Apocalyptic laughs from Keira Knightly and Steve Carrell
How would you spend your final days on Earth? If Lorene Scafaria’s odd-bod comedy/drama/romance - in which a seventy-mile-wide asteroid named Matilda is due to collide with the Earth in little under three weeks after a failed final attempt to avert disaster - is anything to go by, then chances as are we’re just as likely to return to the 9-5 as we are to lose our minds and start burning/looting/shagging everything in sight. It’s an amusingly bleak notion that dominates much of the first third of Seeking a Friend for the End of the World. Yes, quite a few people do indeed turn to rampant promiscuity and cheerful drug use when faced with imminent extinction, but just as many resume the mindless drudgery of the day-to-day simply because of how ultimately hollow their lives were beforehand. Here assassins offer the chance for poor schmos to call hits out on themselves rather than wait for doomsday, while the middle classes engage in orgies and the polite partaking of smack. So far so funny then, in a broadly irreverent sort of way.
Just as things begin to hit a worryingly predictable stride however - his wife having left him, Dodge (Steve Carrell) sets about using what little time is left to try to finally make something of his life and reunite with his high-school sweetheart. He embarks on a pre-apocalyptic road trip with neighbour Penny (Keira Knightley) and proceedings take somewhat of a tonal u-turn and almost abandon the impudent laughs altogether in favour of some rather more left-field melancholy. The jokes all but dry up, the mood darkens considerably and both Carrell and Knightley are left to do some actual work. It’s a shift that is jarring, ham-fisted, but not entirely unwelcome once the initial disorientation wears off. Just as Scafaria seems to settle into a comfortable - if unremarkable - comic stride, we’re suddenly and without much warning left in eccentrically poignant indie territory that you’d imagine would be awkwardly at odds with Carrell’s usual down-on-his-luck fare.
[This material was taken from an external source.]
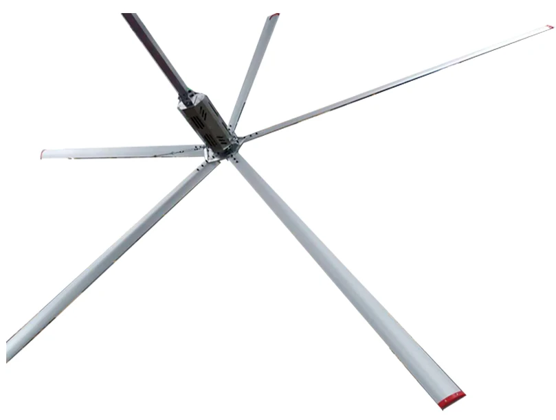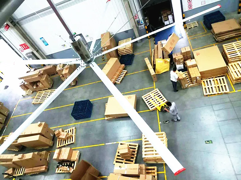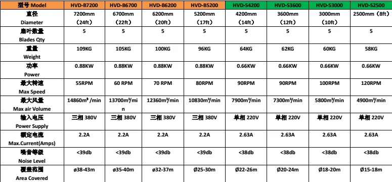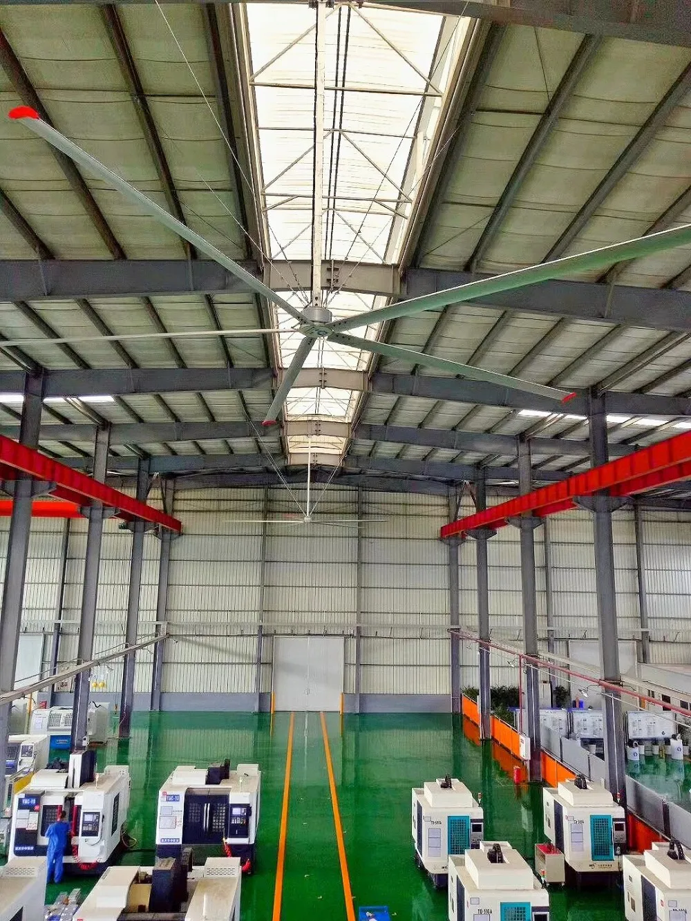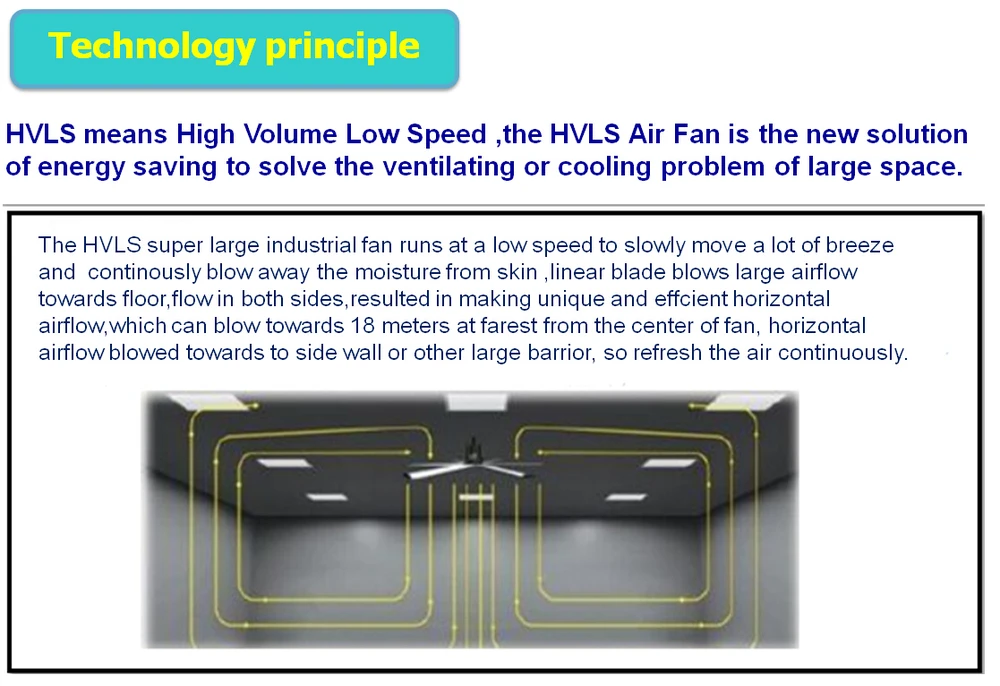 The fan is typically of 5(in odd number) pcs of large diameter blades up to 7.2 m each with the effective coverage of 1500 SQM. It consumes only 1.5 KW electricity per hour, which can replace hundreds large diameter Industrial Ceiling Fan with 5 blades pedestal fans or wall-mounted fans.

Happily though, it’s this blacker material that just so happens to underscore the effectiveness of Dodge and Penny as an onscreen couple.
Or maybe not...
Although admittedly not the most natural pairing in the world, both Carrell and Knightley excel in showing off a strong refinement in quietly downbeat comedy and as such almost completely convincible as impromptu end-of-the-world-companions without ever stretching the tolerance for quirky romanticism to complete incredulity. It’s Knightley who proves the most surprising though, managing to convey a genuinely idiosyncratic disposition and otherwise untested funny bone whilst also having been unarguably cut from the same cloth as the psychologically fractured, emotionally defensive, generally exasperating and ultimately vulnerable indie girls that have come before (see Kate Winslet in Eternal Sunshine of the Spotless Mind, Natalie Portman in Garden State or Zooey Deschanel in 500 Days of Summer, to name but a few).
For a film with such a bleak premise at its core, Seeking a Friend for the End of the World is, as you somehow knew it would be, actually an uplifting cautionary tale to those who don’t take life by the cajones and get out there and LIVE, damn it. Thankfully the light-to-medium doses of laughs from the films midpoint onwards do help diffuse moments that could have otherwise come across as cheerless and patronising. Scoring highly as well is Dodge’s strained and mostly unspoken relationship with his dad (Martin Sheen), showing that Scafaria is more than capable of wringing stinging emotion out of turbulent family ties even in the face of total annihilation. At its best this is a brave, funny and quietly affecting drama about regret, love, life and the end of days. It’s nowhere near consistent enough to rank among the top of its class, but if you’re in need of a reserved antithesis to all the superhero noise going on this summer then this might well be the apocalypse you’re looking for.